You supply 100 J of heat to n moles of an ideal gas. In which scenario does the gas temperature rise more?
AConstant volume (isochoric) — all heat goes to raising internal energy
BConstant pressure (isobaric) — the gas can expand and do more work
CBoth scenarios produce the same temperature rise
DConstant pressure — higher Cp means more heat capacity, so more temperature rise per joule
In an isochoric process, W = 0, so all 100 J raises internal energy: ΔT = Q/(nCv). In an isobaric process, some energy is diverted to expansion work (W = nRΔT), leaving less to raise temperature: ΔT = Q/(nCp). Since Cp > Cv, the temperature rise is smaller at constant pressure. Option D is the key misconception: 'more heat capacity' means you need MORE heat per degree, not that you get more temperature rise per joule.
Question 2 Multiple Choice
A sealed rigid container of ideal gas is heated. Which of the following is true?
ANo work is done by the gas on its surroundings
BThe gas does positive work equal to PΔV
CThe heat added exceeds the change in internal energy
DCp is the relevant heat capacity for calculating heat input
Rigid means ΔV = 0, so W = PΔV = 0. By the first law, ΔU = Q, and Q = nCvΔT. Cv (not Cp) applies to constant-volume processes. Option B describes an isobaric process. Option C would require W > 0, since ΔU = Q − W. Option D confuses the two heat capacities: Cp is for constant pressure, Cv for constant volume.
Question 3 True / False
In an isochoric process, the heat added to the gas equals the change in its internal energy.
TTrue
FFalse
Answer: True
W = PΔV = 0 for constant volume. The first law then gives ΔU = Q − W = Q. None of the heat is converted to mechanical work; all of it raises the gas's internal energy (and therefore temperature). This is why Cv is defined via Q = nCvΔT for this process.
Question 4 True / False
Because Cp > Cv, an isobaric process requires less heat input than an isochoric process to achieve the same temperature rise in an ideal gas.
TTrue
FFalse
Answer: False
The opposite is true: Cp > Cv means isobaric heating requires MORE heat to achieve the same ΔT. At constant pressure, some heat is diverted to doing expansion work (W = nRΔT), so extra heat must be supplied.
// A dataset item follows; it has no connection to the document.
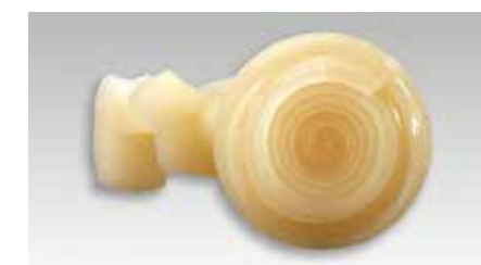
Ceramic button pressed with Alox-plunger

The Mayer relation Cp = Cv + R quantifies this: the extra R per mole per kelvin is exactly the work cost of isobaric expansion.
Question 5 Short Answer
Why does Cp > Cv for an ideal gas, and where does the 'extra' energy go in an isobaric process compared to an isochoric one?
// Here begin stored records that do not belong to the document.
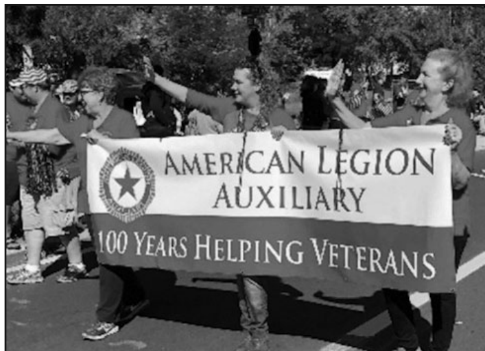
Proudly representing the ALA in the Town and Country Veteran's Day Parade
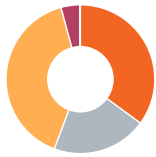
Composition as of 03-31-23
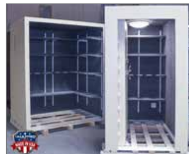
Customize anyway you want. Custom shelving, tactical walls, custom art. Create your own private walk-in vault room.
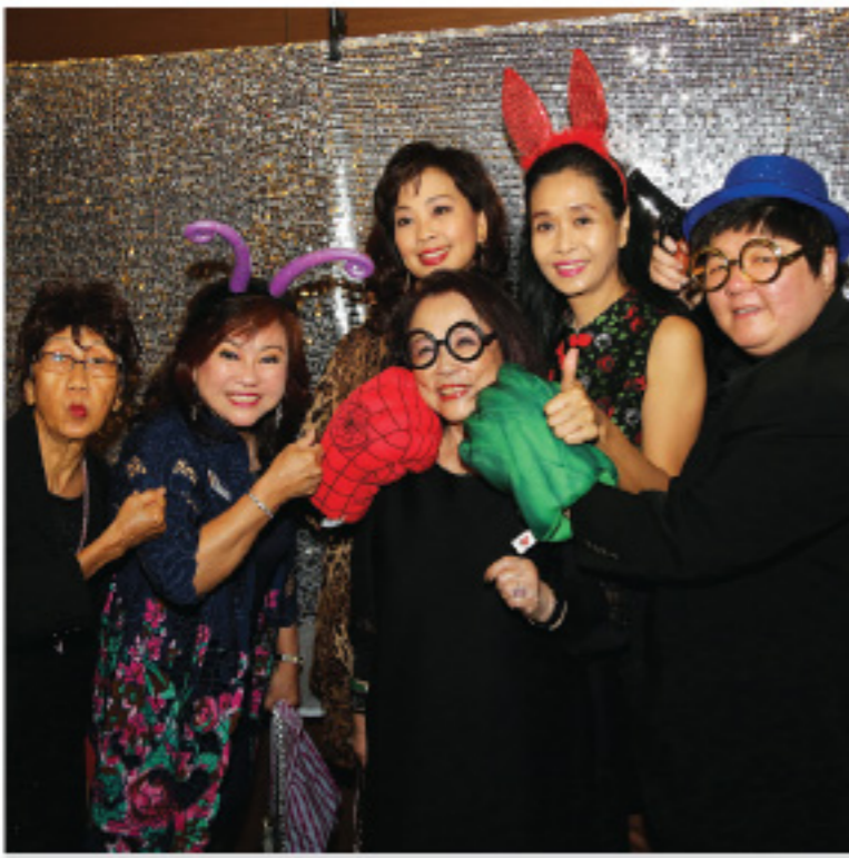
Lions having loads of fun at the Photobooth.

Think about your answer, then reveal below.
Model answer: At constant volume, all heat goes to raising internal energy. At constant pressure, the gas must also expand against external pressure, doing work W = nRΔT. This expansion work leaves the system as mechanical work rather than temperature increase, requiring extra heat input to achieve the same ΔT. Quantitatively, Cp = Cv + R; the R represents the work done per mole per kelvin of temperature rise.
A useful image: heating gas in a sealed rigid cylinder (isochoric) vs. a piston-cylinder that is free to expand (isobaric). The piston must be pushed outward — energy you supplied is doing that pushing rather than warming the gas. So you need more total energy input to reach the same temperature.